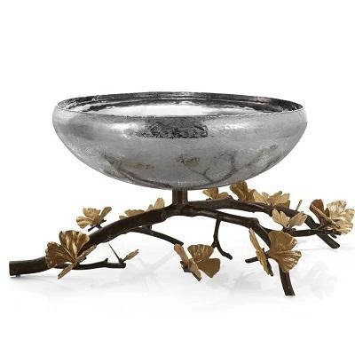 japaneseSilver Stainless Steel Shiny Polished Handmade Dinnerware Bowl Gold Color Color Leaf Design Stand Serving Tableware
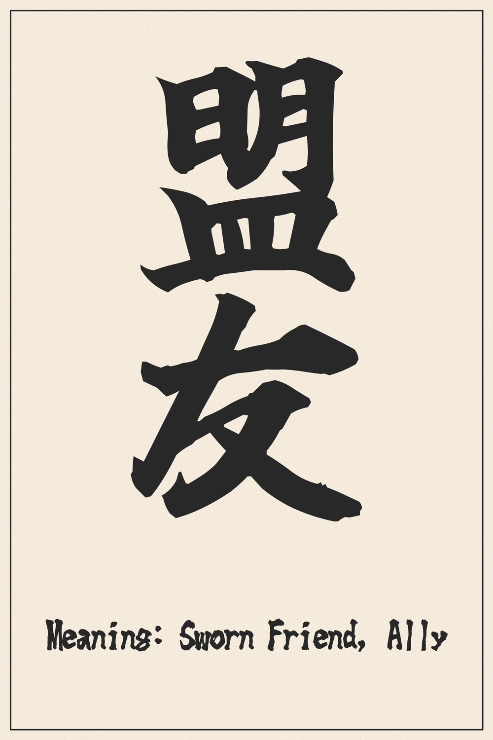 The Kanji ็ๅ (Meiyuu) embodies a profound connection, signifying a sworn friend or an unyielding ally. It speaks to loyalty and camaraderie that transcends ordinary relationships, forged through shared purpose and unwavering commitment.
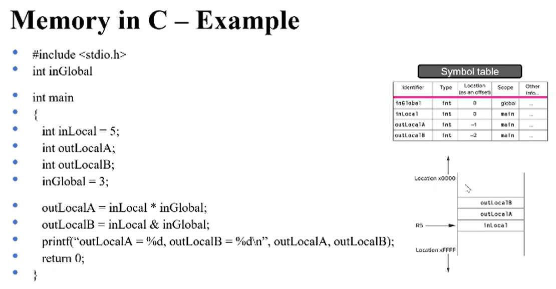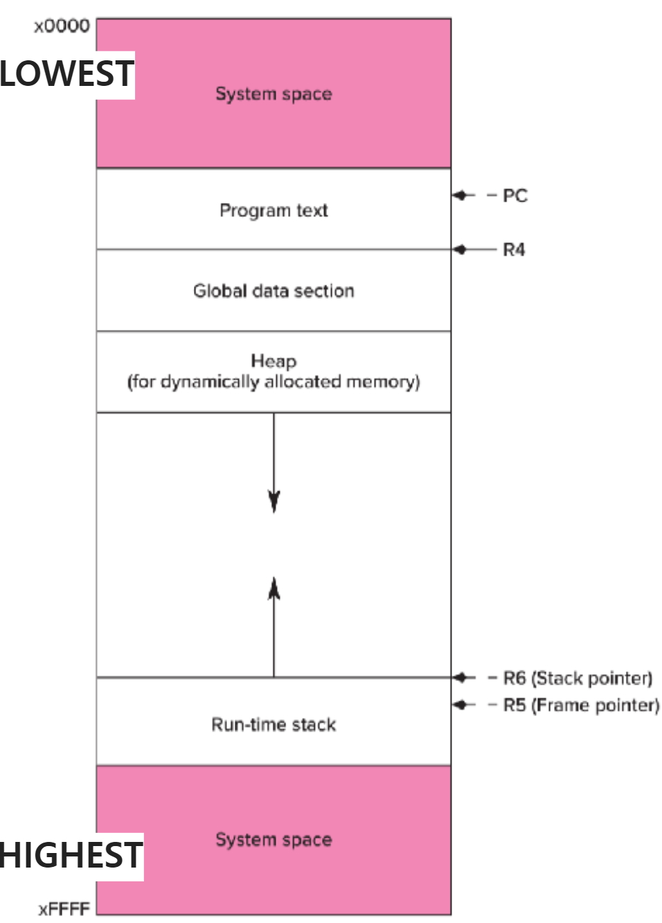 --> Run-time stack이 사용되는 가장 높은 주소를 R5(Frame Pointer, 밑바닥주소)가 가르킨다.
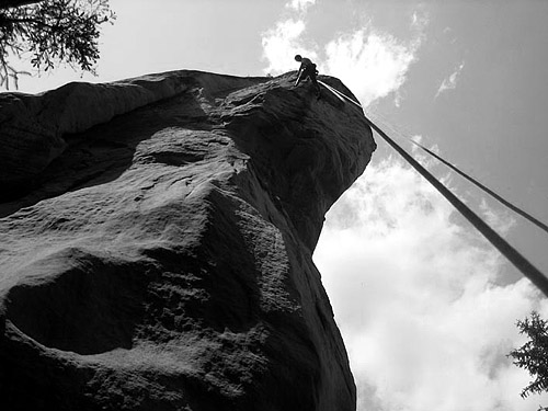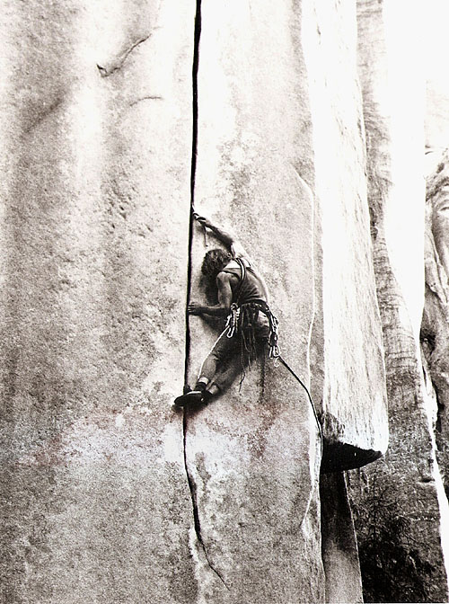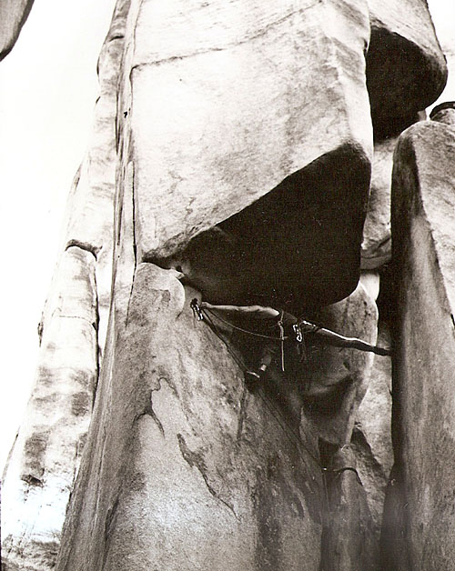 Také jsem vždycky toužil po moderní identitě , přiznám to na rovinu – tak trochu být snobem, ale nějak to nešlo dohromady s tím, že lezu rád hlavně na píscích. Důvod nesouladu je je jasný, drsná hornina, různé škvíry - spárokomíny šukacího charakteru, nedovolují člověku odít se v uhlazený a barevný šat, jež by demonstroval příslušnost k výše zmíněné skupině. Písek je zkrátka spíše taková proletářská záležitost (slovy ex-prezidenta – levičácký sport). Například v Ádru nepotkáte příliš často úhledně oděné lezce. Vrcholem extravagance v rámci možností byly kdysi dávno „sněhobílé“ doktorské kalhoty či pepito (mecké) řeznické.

+-------+

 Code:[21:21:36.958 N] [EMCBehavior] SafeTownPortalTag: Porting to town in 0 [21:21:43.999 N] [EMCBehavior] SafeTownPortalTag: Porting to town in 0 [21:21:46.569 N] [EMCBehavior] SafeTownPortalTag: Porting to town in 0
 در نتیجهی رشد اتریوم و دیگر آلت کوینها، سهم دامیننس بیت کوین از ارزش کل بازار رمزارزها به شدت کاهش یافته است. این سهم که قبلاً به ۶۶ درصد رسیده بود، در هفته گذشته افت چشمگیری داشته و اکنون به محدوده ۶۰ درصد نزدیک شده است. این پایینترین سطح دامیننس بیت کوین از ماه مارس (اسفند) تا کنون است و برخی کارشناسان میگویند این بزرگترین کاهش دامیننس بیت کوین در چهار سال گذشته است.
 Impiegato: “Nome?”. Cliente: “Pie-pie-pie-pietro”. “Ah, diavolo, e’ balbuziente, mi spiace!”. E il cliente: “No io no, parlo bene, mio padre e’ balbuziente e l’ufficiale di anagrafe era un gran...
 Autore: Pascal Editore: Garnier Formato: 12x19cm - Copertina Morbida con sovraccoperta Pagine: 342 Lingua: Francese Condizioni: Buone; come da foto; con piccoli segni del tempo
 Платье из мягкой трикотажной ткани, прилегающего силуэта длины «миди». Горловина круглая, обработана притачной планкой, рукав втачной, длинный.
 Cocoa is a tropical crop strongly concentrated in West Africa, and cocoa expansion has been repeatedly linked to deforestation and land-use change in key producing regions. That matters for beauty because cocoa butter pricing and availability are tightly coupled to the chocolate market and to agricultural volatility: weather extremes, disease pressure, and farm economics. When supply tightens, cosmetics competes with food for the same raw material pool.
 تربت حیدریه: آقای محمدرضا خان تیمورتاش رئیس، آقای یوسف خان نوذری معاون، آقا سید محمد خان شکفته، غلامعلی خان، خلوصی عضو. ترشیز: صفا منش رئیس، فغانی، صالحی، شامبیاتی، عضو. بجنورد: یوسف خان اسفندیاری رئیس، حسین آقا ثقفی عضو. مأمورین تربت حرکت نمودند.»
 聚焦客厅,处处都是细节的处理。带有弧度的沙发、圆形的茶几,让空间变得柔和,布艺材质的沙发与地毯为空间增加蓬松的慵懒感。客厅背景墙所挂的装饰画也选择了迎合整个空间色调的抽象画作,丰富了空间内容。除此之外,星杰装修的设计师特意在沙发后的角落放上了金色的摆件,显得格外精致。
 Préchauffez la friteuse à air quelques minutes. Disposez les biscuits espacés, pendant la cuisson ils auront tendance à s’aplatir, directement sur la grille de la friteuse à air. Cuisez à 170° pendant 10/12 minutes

+-------+

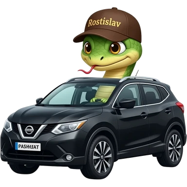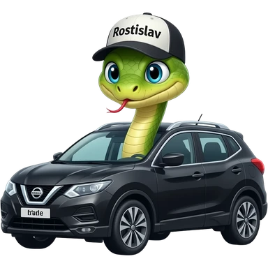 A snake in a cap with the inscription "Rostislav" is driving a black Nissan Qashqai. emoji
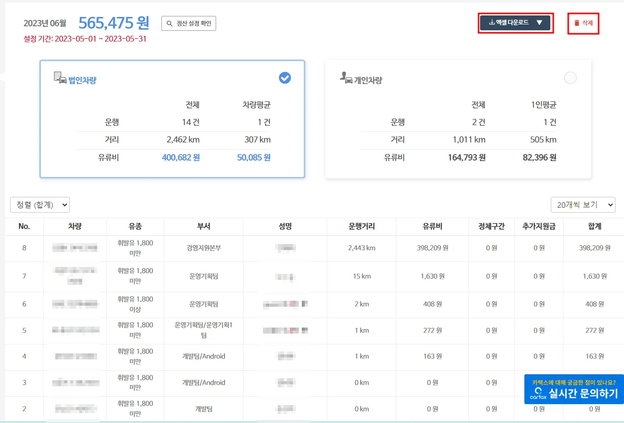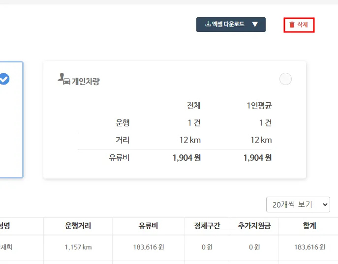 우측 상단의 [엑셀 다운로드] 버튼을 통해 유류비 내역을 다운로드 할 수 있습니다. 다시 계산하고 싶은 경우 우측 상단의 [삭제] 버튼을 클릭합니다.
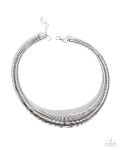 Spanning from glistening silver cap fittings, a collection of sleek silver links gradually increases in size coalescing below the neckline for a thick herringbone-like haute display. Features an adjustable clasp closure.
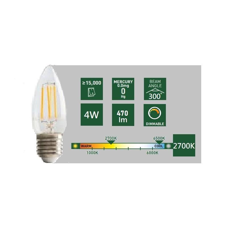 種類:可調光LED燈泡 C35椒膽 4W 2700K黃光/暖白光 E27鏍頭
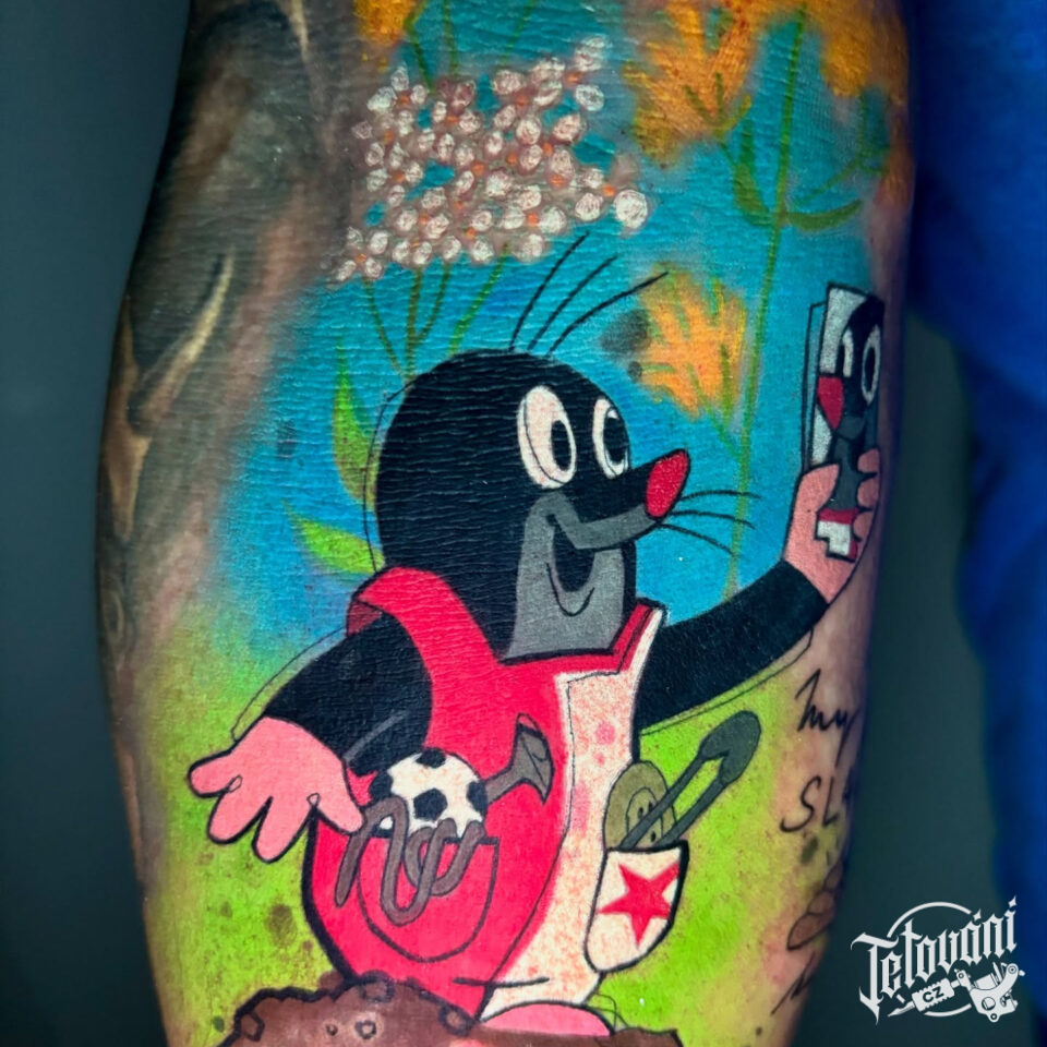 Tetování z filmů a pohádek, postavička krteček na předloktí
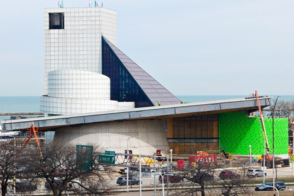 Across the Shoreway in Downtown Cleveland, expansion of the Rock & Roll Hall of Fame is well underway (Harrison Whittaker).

+-------+

Task prompt —
Starting at the line above that contains "우측 상단의 [엑셀 다운로드]", transcribe every line exactly through the line that contains "Across the Shoreway", including that last one, and skip the pictures.

Completed exercise —
 우측 상단의 [엑셀 다운로드] 버튼을 통해 유류비 내역을 다운로드 할 수 있습니다. 다시 계산하고 싶은 경우 우측 상단의 [삭제] 버튼을 클릭합니다.
 Spanning from glistening silver cap fittings, a collection of sleek silver links gradually increases in size coalescing below the neckline for a thick herringbone-like haute display. Features an adjustable clasp closure.
 種類:可調光LED燈泡 C35椒膽 4W 2700K黃光/暖白光 E27鏍頭
 Tetování z filmů a pohádek, postavička krteček na předloktí
 Across the Shoreway in Downtown Cleveland, expansion of the Rock & Roll Hall of Fame is well underway (Harrison Whittaker).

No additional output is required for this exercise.